The installation begins with adding a repository with the application to the system. Add an entry to /etc/yum.repos.d/percona.repo file:

[percona]
name = CentOS $releasever - Percona
baseurl=http://repo.percona.com/centos/$releasever/os/$basearch/
enabled = 1
gpgkey = file:///etc/pki/rpm-gpg/RPM-GPG-KEY-percona
gpgcheck = 1

We still need to copy the GPG key and save it to /etc/pki/rpm-gpg/RPM-GPG-KEY-percona. From this point on, we can start installing the software by issuing a command:

yum install xtrabackup

All software consists of three applications:

  • xtrabackup – software written in C that copies InnoDB and XtraDB data
  • innobackupex – a script that fills in the deficiencies of the previous program. Copies the entire contents of the MySQL server
  • tar4ibd – packs InnoDB data into tar format

Three similar commands will be installed to perform backups from the relevant database server versions:

  • xtrabackup – Percona Server 5.1 & MySQL 5.1 w/InnoDB plugin
  • xtrabackup_51 – Percona Server 5.0, MySQL 5.0 & MySQL 5.1
  • xtrabackup_55 – Percona Server 5.5 & MySQL 5.5

Time to perform the first backup with xtrabackup.

Backing up

Najszybszą metodą zrobienia kopii zapasowej jest wydanie polecenia xtrabackup z parametrem --backup. W naszym wypadku jest to serwer w wersji 5.5 zatem użyjemy polecenia:

The quickest way to back up is to issue the xtrabackup command with the --backup parameter. In our case it is a 5.5 server, so we will use the command:

xtrabackup_55 --backup --datadir=/var/lib/mysql/ --target-dir=/backup

In addition, you need to specify the target directory (--target_dir) in which you want to save the backup, and the directory in which the MySQL server data (--datadir) is located. These options can be saved in /etc/my.cnf, so that they are not always given as a parameter:

[mysqld]
datadir=/var/lib/mysql/
[xtrabackup]
target_dir=/backup

However, if an error occurs to us:

xtrabackup_55: ambiguous option '--innodb=FORCE' (innodb_adaptive_hash_index, innodb_doublewrite_file)

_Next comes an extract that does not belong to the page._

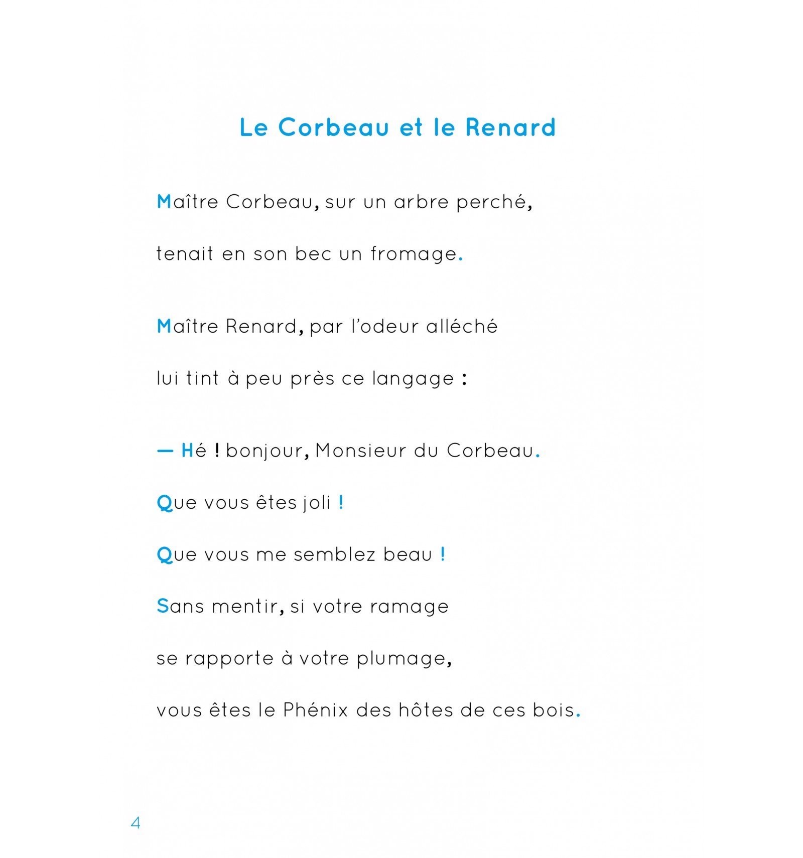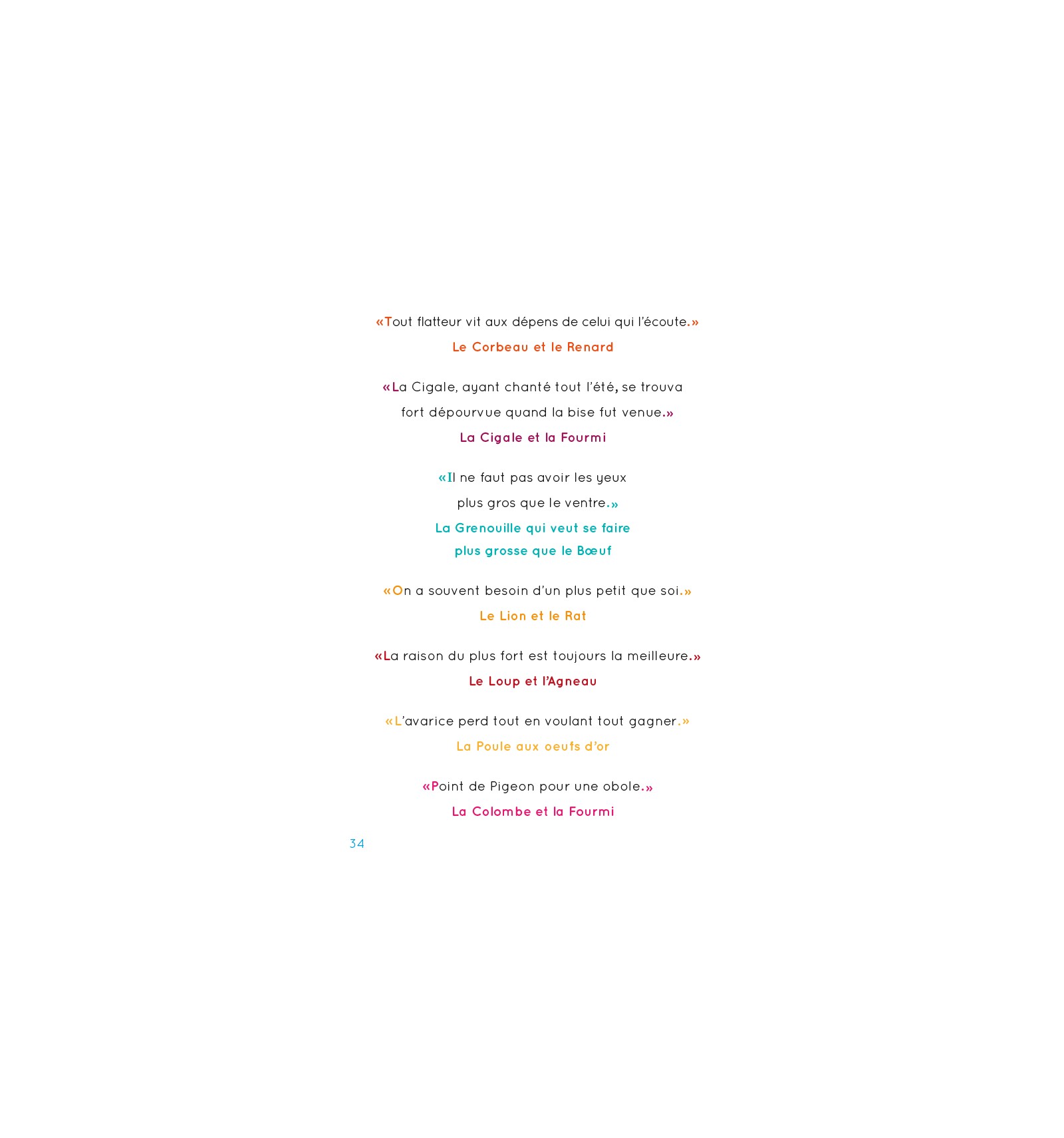 Le Corbeau et le Renard - La Cigale et la Fourmi - La Grenouille qui veut se faire aussi grosse que le Boeuf - Le Lion et le Rat - Le Loup et l'Agneau - La Poule aux oeufs d'or - La Colombe et la Fourmi

this means that in the file /etc/my.cnf, we have set the option innodb=force. A bypass is to replace it with loose-innodb=force. This error should be solved in subsequent versions of the application. If everything went well, we will see the result of the command:

xtrabackup_55 version 1.6.2 for Percona Server 5.5.9 Linux (x86_64) (revision id: 274)
xtrabackup: uses posix_fadvise().
xtrabackup: cd to /var/lib/mysql/
xtrabackup: Target instance is assumed as followings.
xtrabackup:   innodb_data_home_dir = ./
xtrabackup:   innodb_data_file_path = ibdata1:10M:autoextend
xtrabackup:   innodb_log_group_home_dir = ./
xtrabackup:   innodb_log_files_in_group = 2
xtrabackup:   innodb_log_file_size = 5242880
110812 11:11:41 InnoDB: Using Linux native AIO
>> log scanned up to (274992220655)
[01] Copying ./ibdata1 
     to /backup/ibdata1
>> log scanned up to (274992326877)
>> log scanned up to (274992483657)
>> log scanned up to (274992585754)
>> log scanned up to (274992665719)
>> log scanned up to (274992759458)
>> log scanned up to (274992852501)
>> log scanned up to (274992865265)
>> log scanned up to (274993036879)
>> log scanned up to (274993127087)
>> log scanned up to (274993241361)
>> log scanned up to (274993291339)
>> log scanned up to (274993427789)
>> log scanned up to (274993587569)
>> log scanned up to (274993678820)
>> log scanned up to (274993789123)
>> log scanned up to (274993835340)
>> log scanned up to (274994021991)
>> log scanned up to (274994033880)
>> log scanned up to (274994268323)
>> log scanned up to (274994376271)
>> log scanned up to (274994462281)
>> log scanned up to (274994529600)
>> log scanned up to (274994645157)
>> log scanned up to (274994727307)
>> log scanned up to (274994796009)
>> log scanned up to (274994898785)
>> log scanned up to (274994973583)
>> log scanned up to (274995041628)
>> log scanned up to (274995159543)
>> log scanned up to (274995244693)
>> log scanned up to (274995341883)
>> log scanned up to (274995439890)
>> log scanned up to (274995517633)
>> log scanned up to (274995608306)
>> log scanned up to (274995730882)
>> log scanned up to (274995798412)
>> log scanned up to (274995877561)
>> log scanned up to (274995983804)
>> log scanned up to (274996075140)
[01]        ...done
>> log scanned up to (274996152436)
xtrabackup: The latest check point (for incremental): '274994706269'
>> log scanned up to (274996152436)
xtrabackup: Stopping log copying thread.
xtrabackup: Transaction log of lsn (274991525290) to (274996152436) was copied.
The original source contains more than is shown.